The data was analysed using inferential statistics (Williams et al., 2022). First, reliability and validity tests were conducted to assess the accuracy and reliability of the measurements obtained from the questionnaire. Second, both exploratory and confirmatory factor analyses were employed. Exploratory factor analysis helped identify underlying variables that explained the pattern of correlations within the data, while confirmatory factor analysis validated the appropriateness of the measurement model. By carrying out these analyses, the potential errors in data collection were minimised (Saunders, Lewis, & Thornhill, 2015; Creswell & Creswell, 2023).

Finally, the proposed hypotheses were tested using regression analysis. This analysis allowed the examination of the relationship between the variables under investigation and determined whether the formulated hypotheses were accepted or rejected (Creswell & Creswell, 2023).

5. Results

The impact of e-service quality on customer trust and satisfaction with an online shopping service is driven by complicated underlying factors. There exists a need to attain a comprehensive and authoritative analysis of the constructs identified and integrated into the proposed conceptual framework (Section 3, Figure 1). The results obtained from the survey will thus pertain to the associations, influence, and impact of change of one construct relative to the other. The following section discusses the results of the role of e-service quality and e-trust on the e-loyalty of a customer when e-satisfaction acts as a mediator.

5.1 Measurements

The questionnaire used in this study is provided in the Appendix. The questionnaire comprises twenty-one statements (three statements for each of the seven variables). A sample size of 250 participants yielded a dataset of 5,250 data points. Hays (2018) suggests that quantitative analyses increase their accuracy and precision with the increase in the number of data points included relative to the assessed constructs.

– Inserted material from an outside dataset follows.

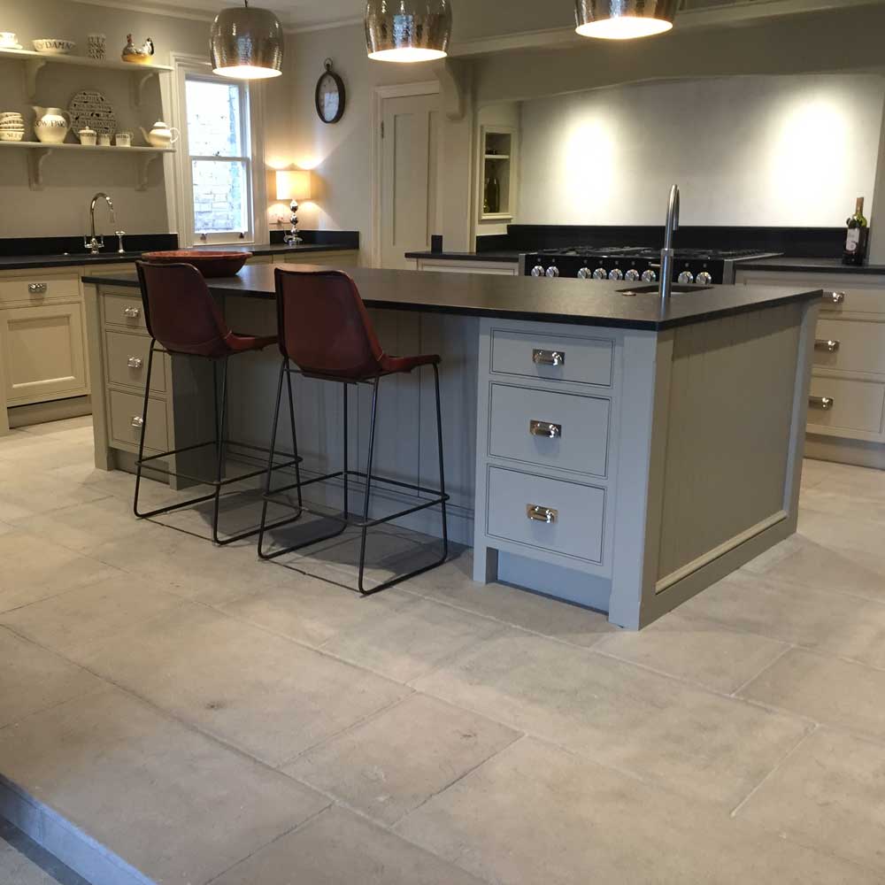 Chalon Grey limestone was used throughout this large kitchen/diner and contrasts lovingly against the dark blue and off-white kitchen cabinets to create a warm, contemporary room perfect for socialising as well as busy family life.

As discussed in the previous section, the quantitative analysis for the present research has been conducted via a multivariate analysis. This implies that multi-linear regression, correlation, and multilinear ANOVA (MANOVA) were performed using the SmartPLS software. These analytical tools offer a rapid, robust, and simple means of data analysis from which theory can be developed and tested (Stevens, 2012). The Partial Least Squares Structural Equation Modelling (PLS-SEM) has been applied to conduct the quantitative analysis as Hair (2018) suggested. Using the PLS-SEM improves data prediction precision, reliability and factor indeterminacy. A reliability and validity measurement were performed to ascertain the reliability of the dataset collected. Subsequently, the factor loadings, quality criteria, co-linearities and discriminant validities were determined. Ultimately, a hypothetical validation was performed to test the ‘trueness’ of the model.

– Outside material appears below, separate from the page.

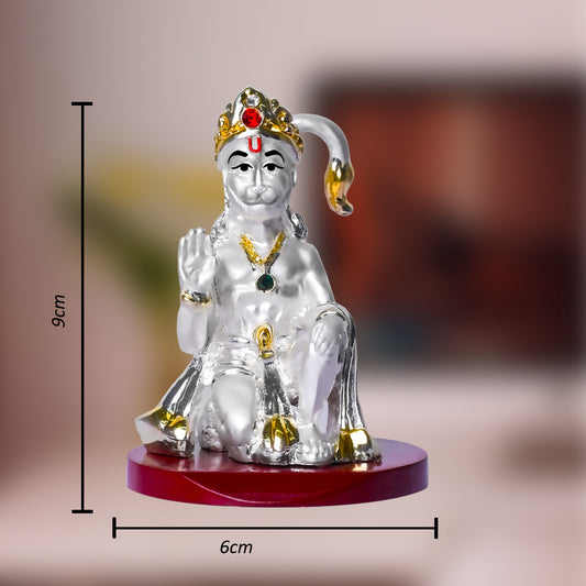 DIVINITI 999 Silver Plated Lord Hanuman Elegant Statue Idol For Car Dashboard, Home Decor, Puja Room, Luxury Gift (9x6 CM)

5.2 Outer loadings (confirmatory fact analysis – CFA)

The confirmatory factor analysis (CFA) tests the measures of a construct’s consistency with other constructs within a proposed or theoretical model. Practically, the CFA estimates the covariance (or correlation) between various items (group variables) in relation to a single common factor. The CFA pre-determines the factor structure or ‘loads’ the covariance, correlation, and test statistics. The CFA then performs a hypothetical validation to ascertain the trueness of the impact of a unit change in the factor against all items in the model (Hair et al., 2019b). The CFA is typically given by outer loadings, which are presented in Figure 2 and summarised in Table 1 below.

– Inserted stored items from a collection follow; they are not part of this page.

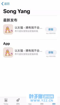 如图所示, 该开发者还开发了《丛林大逃杀 - The Last Winner》、 《以太猫》等手游, 模仿目标覆盖大逃杀、区块链猫等领域。 在早期,他还曾推出“抢红包外挂神器”、 “多开问答”等辅助工具, 不过目前都处于下架状态。 在所有的App中, 还在线的只剩下刚刚上线不久的《以太猫》和《旅行青蛙.》。
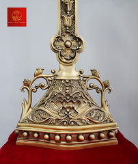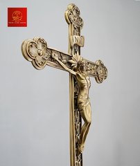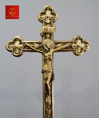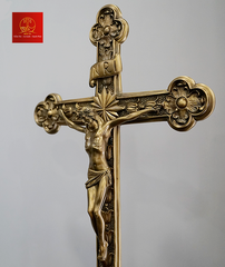 Thánh Giá hoa đào có đế được làm bằng chất liệu đồng thau, công nghệ xử lý tạo màu sản phẩm mang màu sắc giả cổ, vàng gold đặc trưng của Kim Ân, bề mặt sản phẩm được phủ một lớp bảo vệ giúp sản phẩm không bị ảnh hưởng từ môi trường, giữ cho màu sắc không bay màu.
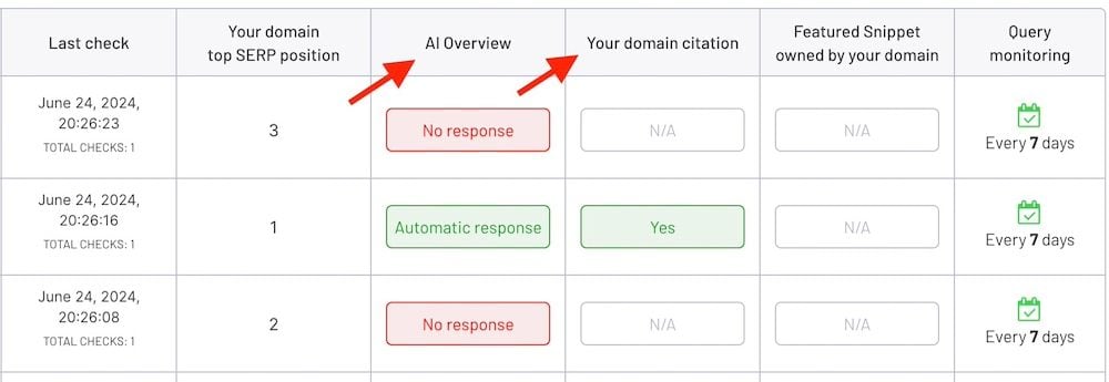 - Whether your query triggered an AI Overview and if your page was referenced.
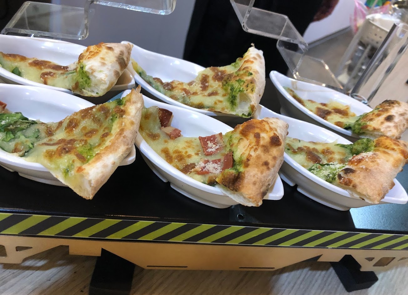 1.小火車上的熟食幾乎全部都是冷的,包括披薩、炸物等,只有一個小型焗烤是現做是熱的。

By utilising CFA, we were able to review the reliability of the questionnaire by analysing our questions separately (Hair et al., 2019b). This helps in evaluating each question and checking how reliable the responses of the respondents are. The value of outer loading should be > 0.7, which indicates that the responders read the questionnaire thoroughly before responding. All the variables from outer loading are greater than 0.7, which suggests that the questionnaire is reliable with valid responses. The satisfactory outer loadings (0.72–0.89) between the construct variables imply a strong significance of the association between the constructs and the other items in the model. This means that the covariance and correlations between the constructs provide strong positive associations with appreciable significance. This validates the questionnaire of the research with reliable responses. In this research, the independent variable is e-service quality and e-trust, with the mediator that is e-satisfaction and the dependent variable that is e-loyalty.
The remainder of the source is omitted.